Trump, ou o fim da democracia americana
Coluna foi publicada no domingo (26)
O julgamento do processo criminal contra Donald Trump chega à fase decisiva nos próximos dias. Os julgamentos dos outros três processos estão sendo protelados e é possível que só sejam julgados depois das eleições presidenciais de novembro próximo. Isso aumenta a importância deste primeiro processo, em que ele é acusado de fraude contábil, pela falsificação de 34 documentos, para ocultar um pagamento de 130 mil dólares à atriz pornô Stormy Daniels, com a qual teria tido uma relação sexual.
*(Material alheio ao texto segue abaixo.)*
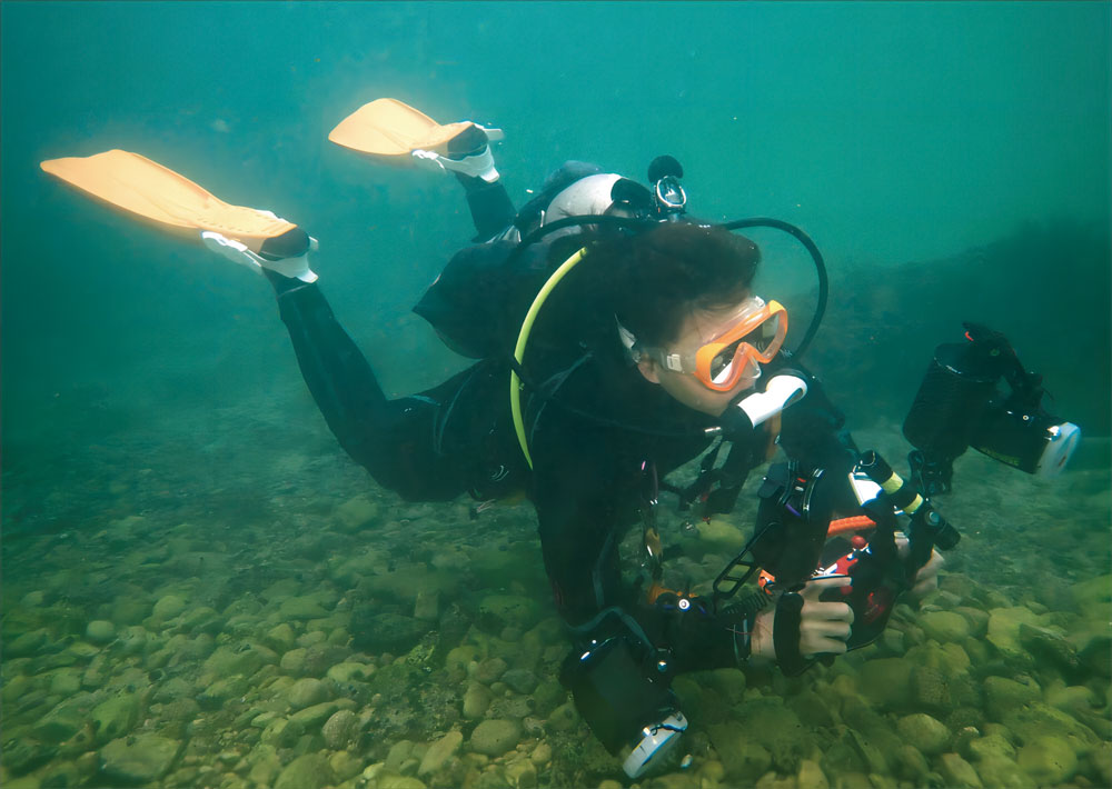 载人潜水器“奋斗者号”(图 7–3–1)配有 4 块压载铁,总质量约 2 t。入水时,由于重力大小大于浮力大小,“奋斗者号”下沉。当“奋斗者号”完成作业时,它会释放压载铁开始上浮。万一“奋斗者号”失去动力,压载铁会自动脱离,使“奋斗者号”上浮以避免危险。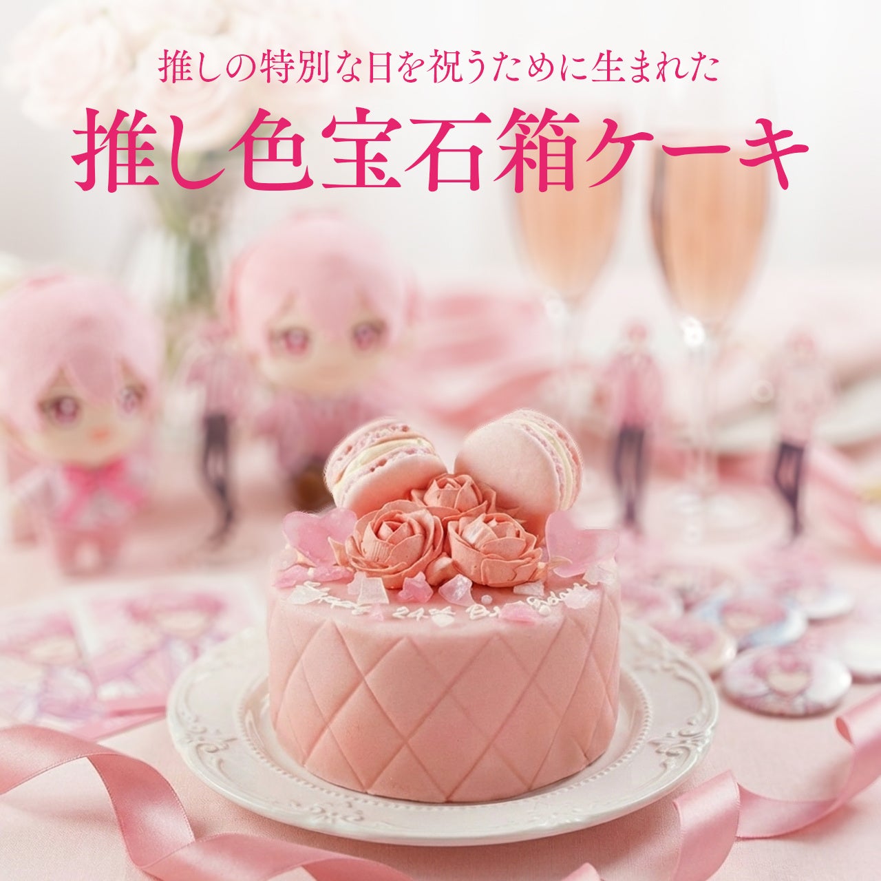 推しの名前やメッセージを20文字まで自由に指定し、ケーキ全体の色味を11色から選べるので、世界でただひとつのケーキになります。イベントや誕生日のお祝いにもぴったりで、推し色でコーディネイトしたテーブルをかわいく彩ります。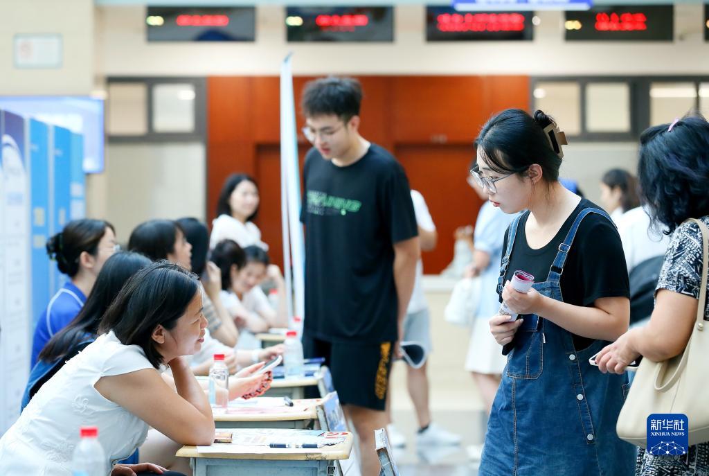 8月18日,大學(xué)生在招聘會(huì )上了解崗位信息。

O dinheiro para o “cala a boca” teria sido retirado dos fundos da campanha presidencial de Trump e repassado à atriz por Michael Cohen, advogado e faz-tudo de Trump na época. As considerações finais da acusação e da defesa serão no dia 28, terça-feira próxima, e a partir de quarta-feira os jurados deliberarão sobre o caso histórico, em que pela primeira vez um presidente americano é réu num processo criminal. A pena máxima é de um ano de prisão.
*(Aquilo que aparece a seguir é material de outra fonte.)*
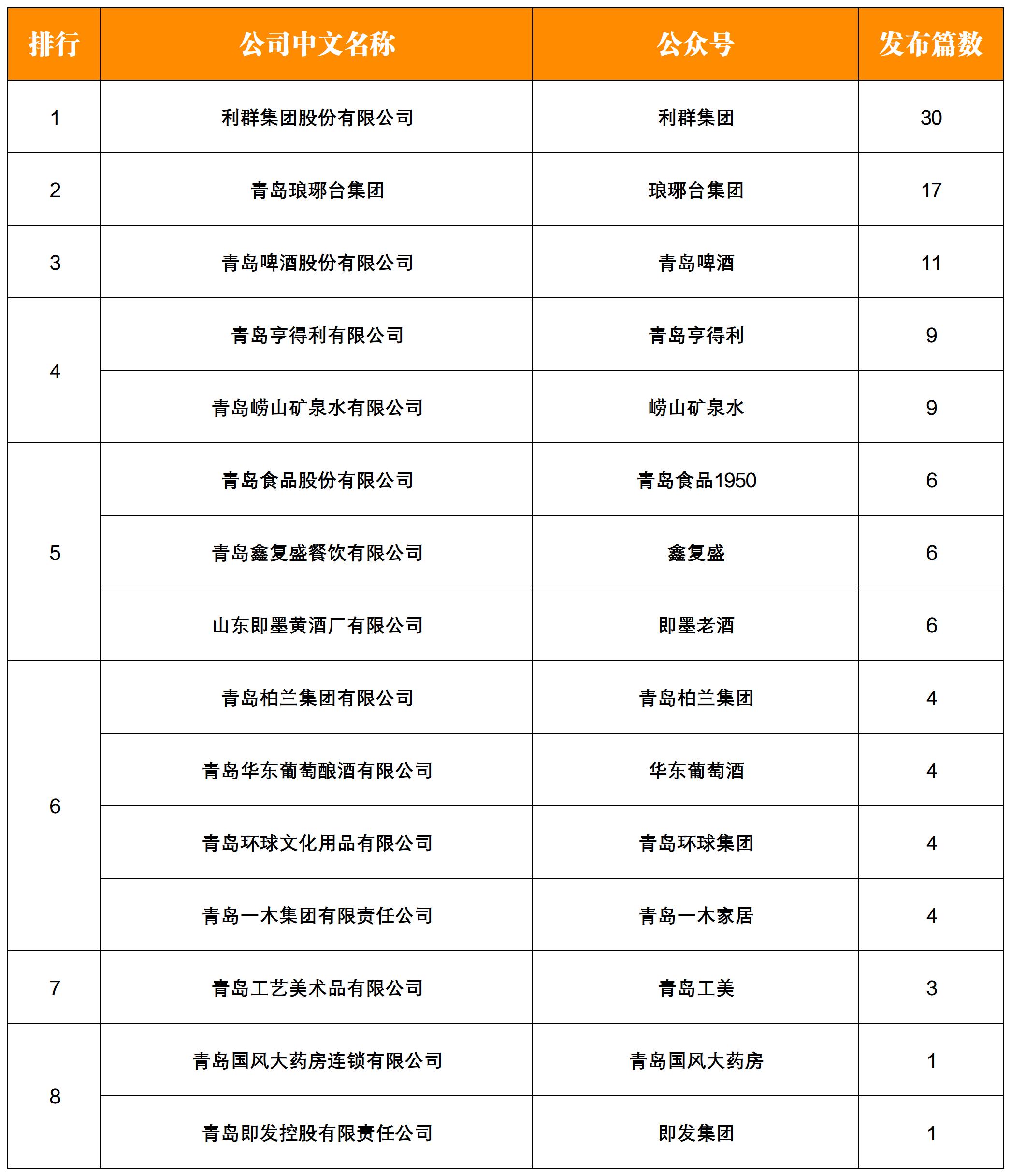 NO.8|權(quán)威發(fā)布:青島老字號(hào)企業(yè)微信影響力月度排行榜TOP15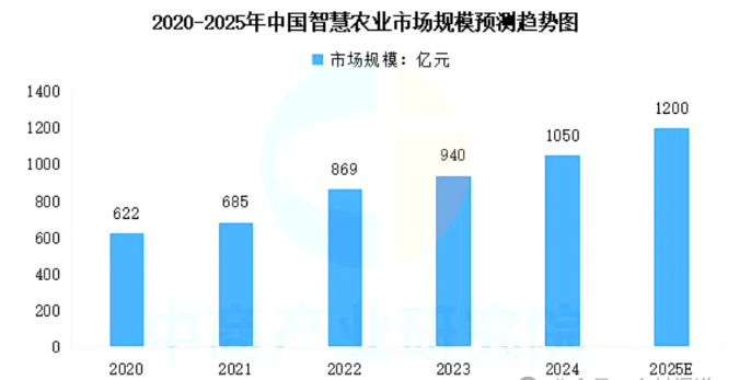 在全球智慧農(nóng)業(yè)市場(chǎng)的快速增長(zhǎng)中,中國也扮演著重要角色。中國作為農(nóng)業(yè)大國,對(duì)智慧農(nóng)業(yè)技術(shù)的需求和應(yīng)用尤為迫切。政府和企業(yè)紛紛加大投入,推動(dòng)智慧農(nóng)業(yè)技術(shù)的研發(fā)和應(yīng)用。【鄉(xiāng)村聞道】認(rèn)為智慧農(nóng)業(yè)市場(chǎng)規(guī)模連年增長(zhǎng),2024年中國智慧農(nóng)業(yè)市場(chǎng)規(guī)模超千億元,達(dá)到約1050億元,預(yù)計(jì)2025年將達(dá)到1200億元。

Mesmo se for condenado, Trump poderá concorrer às eleições presidenciais de novembro vindouro. No sistema americano de “common law”, a mais importante fonte jurídica não são as leis, e sim os precedentes. No caso, o precedente é o de Eugene Dibs, que concorreu à presidência em 1920, enquanto estava preso por contestar a lei de alistamento militar obrigatório na Primeira Guerra Mundial. As semelhanças param aí.
Candidato do inexpressivo Partido Socialista americano, Dibs nunca teve a menor possibilidade de se eleger, mas Trump tem o Partido Republicano na mão, já se elegeu uma vez e aparece na frente de Joe Biden nas últimas pesquisas de opinião.
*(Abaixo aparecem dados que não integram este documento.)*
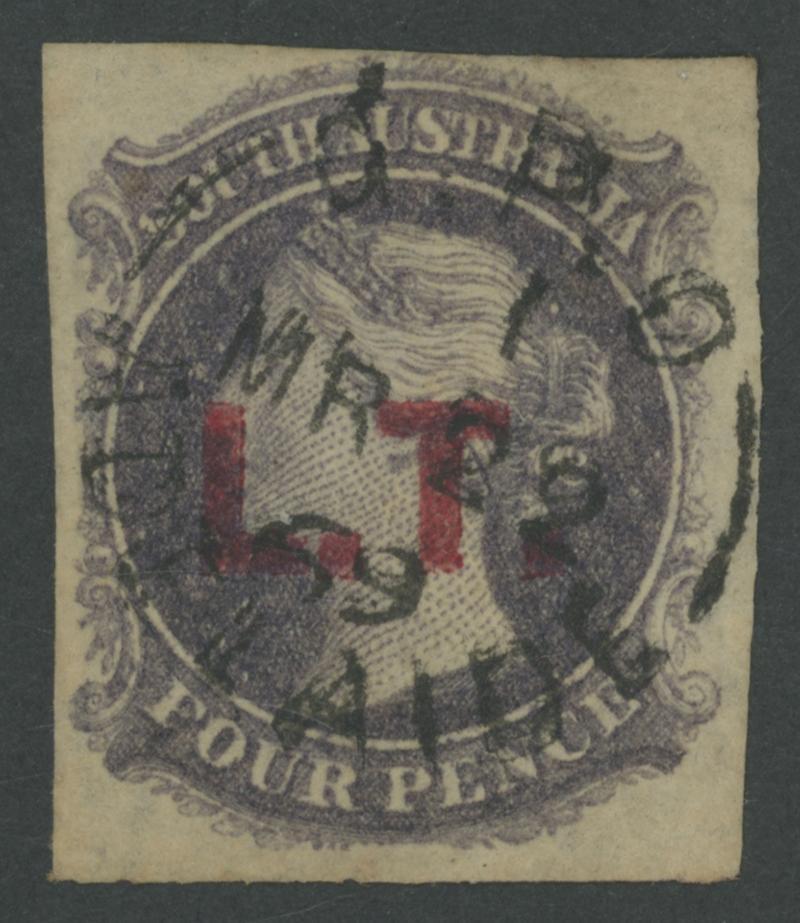 RED OVERPRINT: 'L.T.' on QV Perkins Bacon Large Star Wmk Rouletted 4d deep violet SG DO311b, rouletting at top & base and cut from the sheet well clear of the design at left & right, light GPO cds of 'MR22/69', Cat £2500. Unlisted rouletted by Ron Butler & the only recorded example so it should be rated RRRRRR. Superb. Sold at our auction of 16.5.2023 for $4075 (Sale 251 Lot 663). Absent from the 'Besancon' and Don Pearce collections. (Image1)

Analistas políticos de todo o mundo perguntam-se sobre o que aconteceria num segundo mandato presidencial de Donald Trump. Este, como sempre, alimenta as especulações com declarações retumbantes. Meses atrás, admitiu que seria ditador “apenas por um dia”, para demolir com uma canetada o “arcabouço socialista que emperra a economia”.
Mais recentemente, começou uma longa entrevista à revista Time afirmando que usaria as forças armadas para deportar imigrantes, embora militares americanos não possam ser legalmente mobilizados contra civis.
Os analistas associam comentários desse tipo com o projeto da Heritage Foundation, que analisei num outro artigo publicado neste jornal, e chegam a conclusões preocupantes, como, por exemplo, a de que as eleições de novembro poderão ser as últimas nos Estados Unidos.
Entre as vozes mais influentes está a de Robert Kagan, cientista político que atuou no governo Ronald Reagan e que, por isso, não é associado aos Democratas. Em livro recentemente lançado, Kagan recorda que na sua primeira tentativa de concorrer à presidência, em 2011, Trump assumiu ser o porta-voz dos “white supremacists”, aqueles que, como os membros da Ku Klux Klan e os neo-nazistas, consideram os brancos superiores às outras raças. Os supremacistas, a exemplo de outros radicais da direita, nunca tiveram compromisso com a ideia e os valores da democracia, mas sempre estiveram presentes na política americana.
São eles que agora se apossaram do Partido Republicano, e têm em Trump o cabeça de proa ideal para se apossarem da Casa Branca, de preferência abolindo o artigo da Constituição americana, que limita a dois o número de mandatos presidenciais (esta é, aliás, uma das prioridades do projeto da Heritage Foundation).
Trump, ao ver de Kagan, tem a volúpia do poder e, com a experiência do primeiro mandato, a simpatia da Suprema Corte e o controle total do Congresso, vai fazer o que lhe der na telha assim que reentrar na Casa Branca.
Seria um erro crasso qualificar todos os Republicanos de radicais da extrema direita. Pelo contrário, em sua grande maioria eles são cidadãos equilibrados, cônscios dos valores do “American way of life”, ainda que em geral valorizem mais a liberdade econômica e a iniciativa privada do que com os direitos humanos e a responsabilidade advinda da liderança global.
Outra característica dos Republicanos é a de que, em comparação com os Democratas, eles são mais disciplinados, ou acomodados às regras vigentes e, em consequência, tenderão a votar no candidato que o partido indicar.
Com isso, aumentam as chances de um segundo mandato de Trump, o que terá repercussões no mundo inteiro. Por isso, é de nosso interesse acompanhar de perto a campanha presidencial americana.